Un chronogramme hébraïque est composé d’une phrase, d’un verset ou d’une paraphrase biblique dont la valeur des lettres, une fois additionnée, indique une date. Cet usage, attesté dans les manuscrits hébreux dès le Moyen-Age, connaît un certain succès avec le développement du livre imprimé (surtout chez les éditeurs allemands) ainsi que dans la poésie néo-hébraïque[1]. Comment lire un chronogramme de ce genre ?
Prenons pour exemple la traduction du Coran d’Hermann Reckendorf qui contient la ligne suivante : [2]פה ק״ק ליפסיא ע״ר״ח סיון לשנת ׃ איש אמו ואביו ת״י״ר״א״ו לפ״ק. Ce chronogramme clôture une dédicace composée par le traducteur à la mémoire de son père rabbin.
Plusieurs éléments sont à prendre en compte pour le déchiffrer.
1/Conformément à l’usage rabbinique, Reckendorf utilise des abréviations:
ק״ק = קהילה קדישא (« sainte assemblée »)
ע״ר״ח = ערב ראש חודש (« veille du début du mois »)
2/Il renvoie ensuite à Lv 19,3, אִ֣ישׁ אִמֹּ֤ו וְאָבִיו֙ תִּירָ֔אוּ, verset de circonstance qui fait allusion à la piété filiale.
3/Chacune des lettres de l’alphabet hébraïque possède une valeur numérique.
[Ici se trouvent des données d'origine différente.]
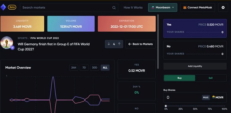 和Polymarket机制相同。不同点在于,Polkamarkets仍然采用的是其所在链(Moonriver)的代币MOVR而不是USDC,对于新用户可能在兑换和换算上会有一些障碍。

Celle de ת״י״ר״א״ו équivaut à 617 (=400 +10+200+1+6).
4/Enfin, le millénaire n’étant pas indiqué, il est fait usage de l’abréviation de לפרט קטן (« selon l’ère mineure »), date la création du monde du calendrier juif correspondant à 3760 avant l’ère commune.
Le chronogramme en question signifie donc : « Ici, (en) la sainte communauté de Leipzig, la veille du nouveau mois (= néoménie) de Sivan, en l’an 617 (« Que chacun honore sa mère et son père ») selon l’ère mineure ».
Pour en savoir plus sur les chronogrammes hébreux, consulter Hilton J., Chronograms, 5000 and more in number excerpted out of various authors and collected at many places, 1882, Londres, p. 542-545.
[1] GINZBERG L., « Chronograms », dans JE, vol. 4, p. 63-64.
[2] RECKENDORF H., Der Korân aus dem Arabische ins Hebräischen übersetz und erlaütert von Herrmann Reckendorf , Leipzig, 1857, p. ix.